Физиогномика - Форд Джеффри. Страница 24

— Эгей? — окликнул я.

Из-за прилавка мне приветственно махнула темная рука. Я медленно подошел. Когда до бара оставалось несколько шагов, там вспыхнула спичка. Я замер, но увидев, что рука зажигает свечу, спокойно добрался до табурета. Вспомнив, как назвал владельца бара капрал ночной смены Маттер, я окликнул:

— Молчальник?

Он кивнул, и я увидел его лицо. Бармен оказался хрупким маленьким старичком с морщинистым лицом и длинной бородой. Что-то мелькнуло за его спиной и отвлекло мое внимание. Потом я разглядел длинный гибкий хвост. Молчальник был обезьяной.

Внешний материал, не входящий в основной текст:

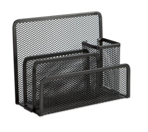 Kovový organizér na dopisy a psací potřeby v černé barvě.
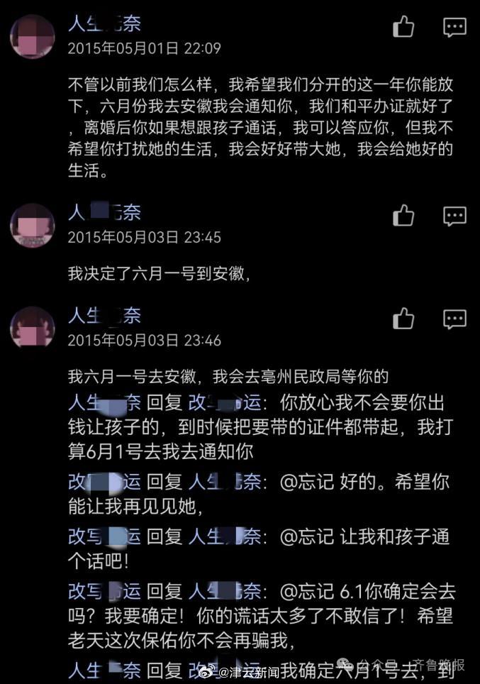白蕾称,刘某之前使用的手机号停机后,她与刘某唯一的联系方式就是 QQ 空间的动态留言。她每一次想女儿时,都是在 QQ 空间留言,希望刘某看到后让她见见女儿。" 我跟女儿分开不到半年就后悔了,我想把女儿接回来,但我联系不上刘某。"
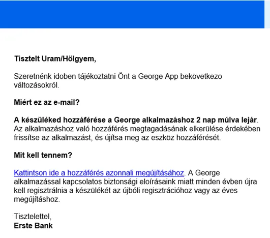 A csalók egy már jól ismert módszerrel, az adathalász e-mailek segítségével próbálják megtéveszteni a banki ügyfeleket. Az Erste Bank nevében küldenek e-mailt arra hivatkozva, hogy a George App le fog járni és egy linken keresztül újra kell regisztrálni a szolgáltatást.
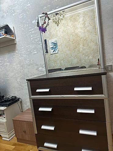 Aynalı komod/drezuar - Material: ağac naxışlı laminat (isti qəhvəyi tonlarda) - Üst hissədə böyük düzbucaqlı güzgü – gündəlik istifadə və dekor üçün rahat - 3 geniş çekmece: paltar, aksesuar və mə...

Заметив мой взгляд, он вытащил из-под стойки бутылку сладости розовых лепестков — моего излюбленного напитка на всех официальных приемах и вечеринках. Вместе с бутылкой появился стакан. Зажав пробку в зубах, Молчальник откупорил бутылку. Пока он наливал мне двойную порцию, вокруг пробки расплывалась улыбка.

— Молчальник, — сказал я, и он кивнул.

Мы долго смотрели друг на друга, и я гадал, не умер ли сегодня в копях. «Это посмертная жизнь, моя вечность: сера днем и обезьяна ночью», — подумалось мне, и он тихонько кивнул, словно в ответ на мои мысли.

— Я — Клэй, — сказал я.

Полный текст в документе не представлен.